====== PROVIDED DATA ======

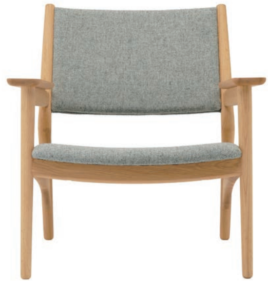
N-LC01 Lounge Chair

DESIGN: Norm Architects CASE: Kinuta Terrace
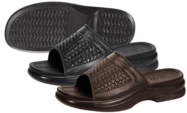
마일로 슬리퍼 / 211600032 • 211600033

부분 벌집패턴의 사용으로 클래식함을 강조한 갑피에 폭신하고 밀량한 우레탄 아웃솔을 접목시켜 장시간 착용시에도 편안한 사무용 슬리퍼
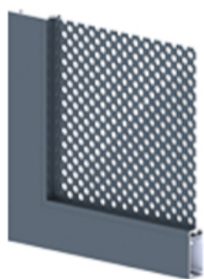
Tôle perforée (petit ronds R10T15 ou petits carrés C10U15)
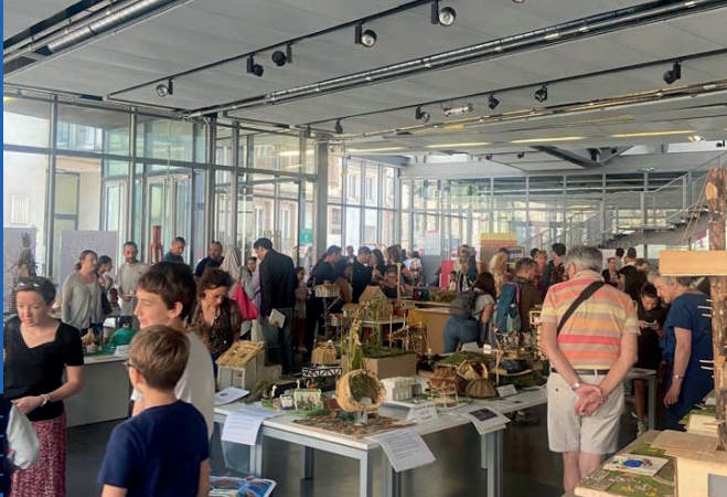
Preisverleihung des Oscar-Schülerwettbewerb 2022/2023 in Strasbourg
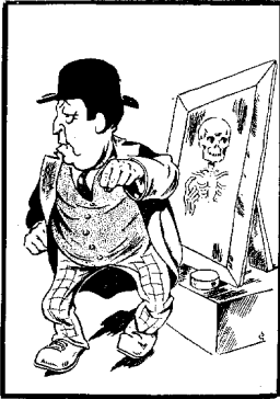
- A Diol -, entre le spectre de Djéved Rifat ?..
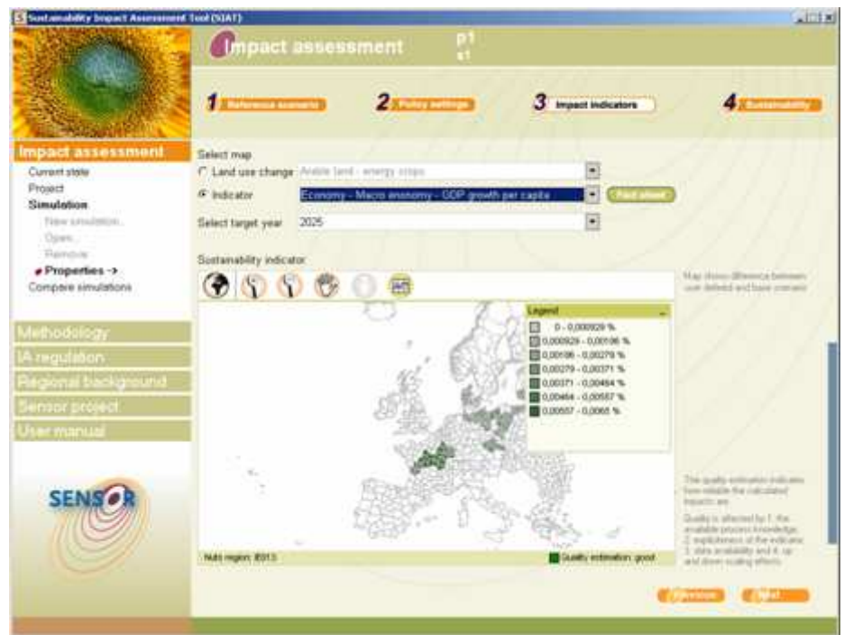
Bildschirmansicht des SIAT-Prototyps aus SENSOR: SIAT ist ein Metamodel zur Bewertung von Landnutzungspolitiken, das den Nutzer interaktiv durch die Modellanwendung führt.

wurde entwickelt und ein Indikatorensystem sowie ein web-unterstütztes Datenmanagementsystem erstellt. Untersuchungen von sensitive Regionen und ein räumliches Bezugssystem für sozioökonomische sowie umweltrelevante Daten wurde entworfen. Die so genannte NUTS-X Karte, die NUTS 2 und NUTS 3 Regionen in einem homogenen räumlichen Gefüge integriert, wurde entwickelt. Aufbauend auf diesen Ergebnissen wurde der erste SIAT-Prototyp entwickelt: SIAT besteht aus 5 Schritten, die den Nutzer durch die Anwendung begleiten. Im 1. Schritt wählt der Nutzer ein vordefiniertes Referenzszenario, welches die Ursachen für Veränderungen in der Landnutzung beschreibt. Im 2. Schritt wählt er die Gebiete der Szenarioprojektion, die von einer Region bis hin zu
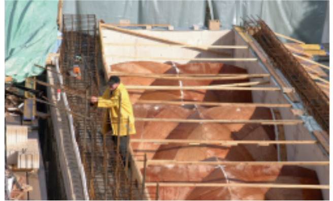
10/2008: Auf dieser Holzkonstruktion wurden die neuen Kreuzganggewölbe im Südflügel gegossen.
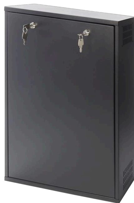
Figure 2. Vue de l'enceinte.
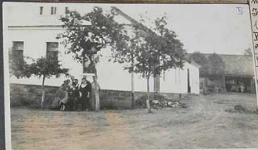
XI) Mladý Palacký s malými chlapci 2 m.
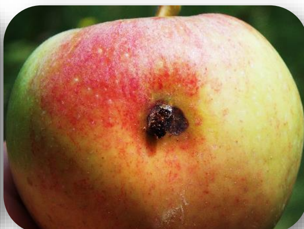
A gauche, papillon de carpocapse. A droite, dégât sur fruit
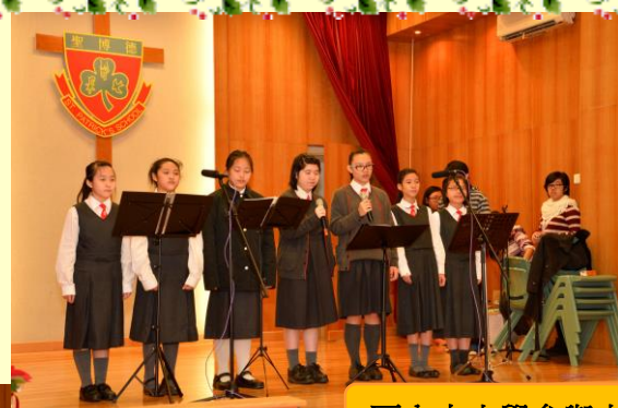
區內中小學參與表演項目
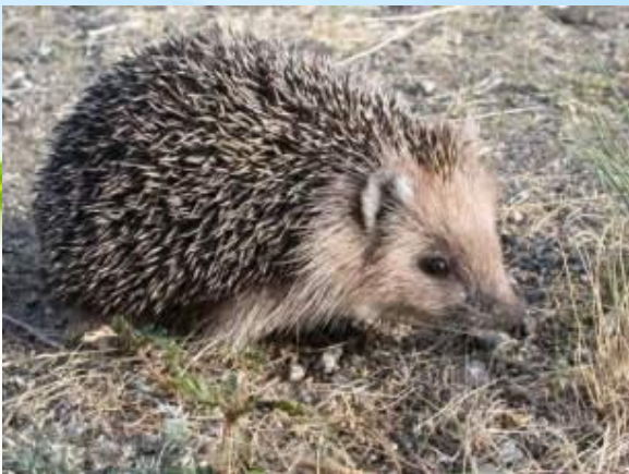
Даурский еж Цикламен первоцветный
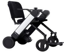
WHILL Model F
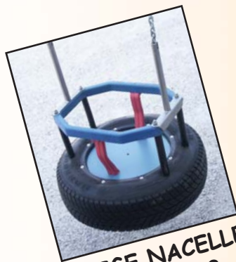
SIÈGE NACELLE Réf: 4080.03

Fixations haute sur demande, basse avec chaîne et support 4080.09
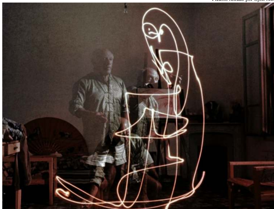
Picasso retrado por Gjon Milli

La técnica se trata de grabar el recorrido de la luz configurando la cámara para una larga exposición y la apertura de la cámara y velocidad de disparo, con esto logramos retratar en una foto un dibujo completo. Los chicos fueron pasando uno por uno, saliéndose de la hoja ahora tenían muchísimo espacio para dibujar utilizando el cuerpo, estirando los brazos, girando, haciendo pasos de un lado hacia el otro, elegimos como tema la vegetación, y así fue como aparecieron arboles, flores, hojas y otras figuras sorpresa que vimos una vez que imprimimos las fotos. ♦
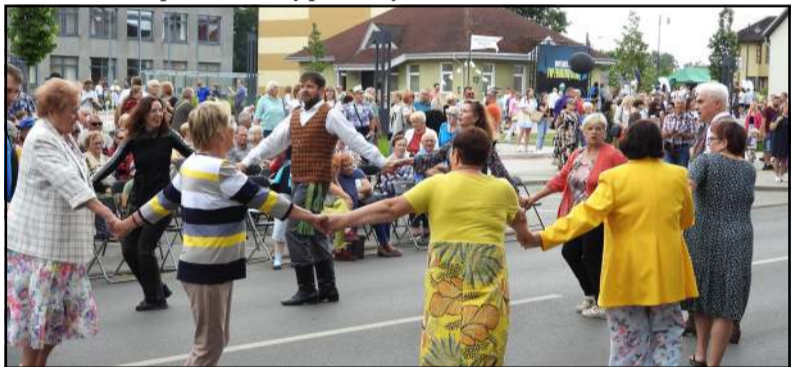
Šokta, dainuota, grota, išdykauta ir...švęsta
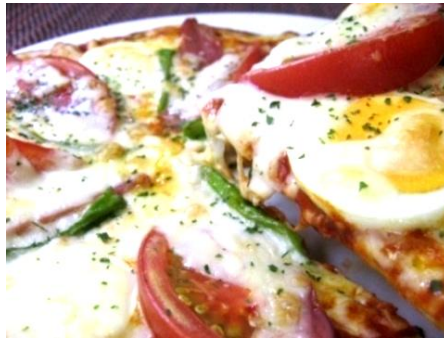
こだわりミックスピザ
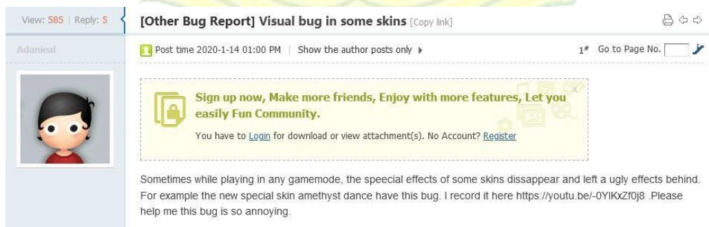
Gambar 1.7 Keluhan mengenai kualitas visual karakter

tampilan skin karakter yang mendapatkan banyak laporan kecacatan atau bug . Kualitas tampilan skin merupakan salah satu faktor penentu yang menentukan apakah pemain akan membeli skin atau tidak. Pada saat fitur skin tersebut dilaporkan memiliki bug , tentunya akan mempengaruhi niat beli pemain akan skin tersebut. Pemain akan enggan untuk membeli skin yang memiliki banyak laporan kecacatan karena nilai keindahan visual dari karakter tersebut akan berkurang. Kualitas visual penting karena berhubungan dengan tiga aspek niat beli barang yakni kualitas fungsional, nilai estetika, dan nilai kenikmatan. Kualitas fungsional membahas tentang performa item yang bebas dari bug sehingga barang tersebut bekerja sesuai dengan harapan konsumen. Nilai estetika berhubungan dengan nilai keindahan yang menarik di mata konsumen. Sedangkan nilai kenikmatan memiliki hubungan yang erat dalam merangsang imajinasi pemain terhadap game yang dimainkan. Kualitas tampilan karakter yang tidak sesuai dengan ekspektasi dapat mengganggu kenikmatan pemain dalam bermain game .
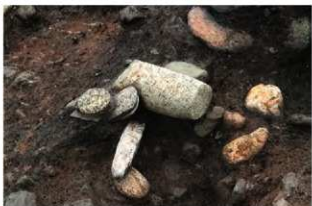
S11077 2層石棒(2-図148-10)出土状況
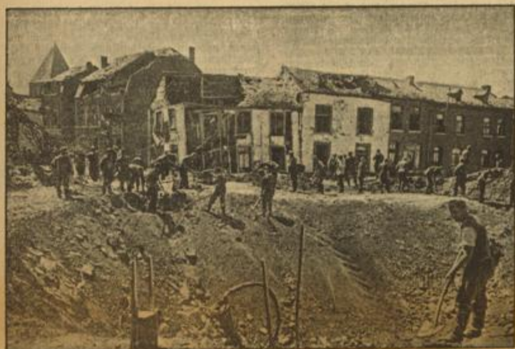
So wirkte eine Stuka-Bombe auf einen belgischen Bahnhof

======

THE TASK: Copy only what lies between the start of the listing above and the line containing "Bildschirmansicht des SIAT-Prototyps", inclusive of both ends, exactly as written, and drop the pictures.

ANSWER SPACE:
N-LC01 Lounge Chair

DESIGN: Norm Architects CASE: Kinuta Terrace
마일로 슬리퍼 / 211600032 • 211600033

부분 벌집패턴의 사용으로 클래식함을 강조한 갑피에 폭신하고 밀량한 우레탄 아웃솔을 접목시켜 장시간 착용시에도 편안한 사무용 슬리퍼
Tôle perforée (petit ronds R10T15 ou petits carrés C10U15)
Preisverleihung des Oscar-Schülerwettbewerb 2022/2023 in Strasbourg
- A Diol -, entre le spectre de Djéved Rifat ?..
Bildschirmansicht des SIAT-Prototyps aus SENSOR: SIAT ist ein Metamodel zur Bewertung von Landnutzungspolitiken, das den Nutzer interaktiv durch die Modellanwendung führt.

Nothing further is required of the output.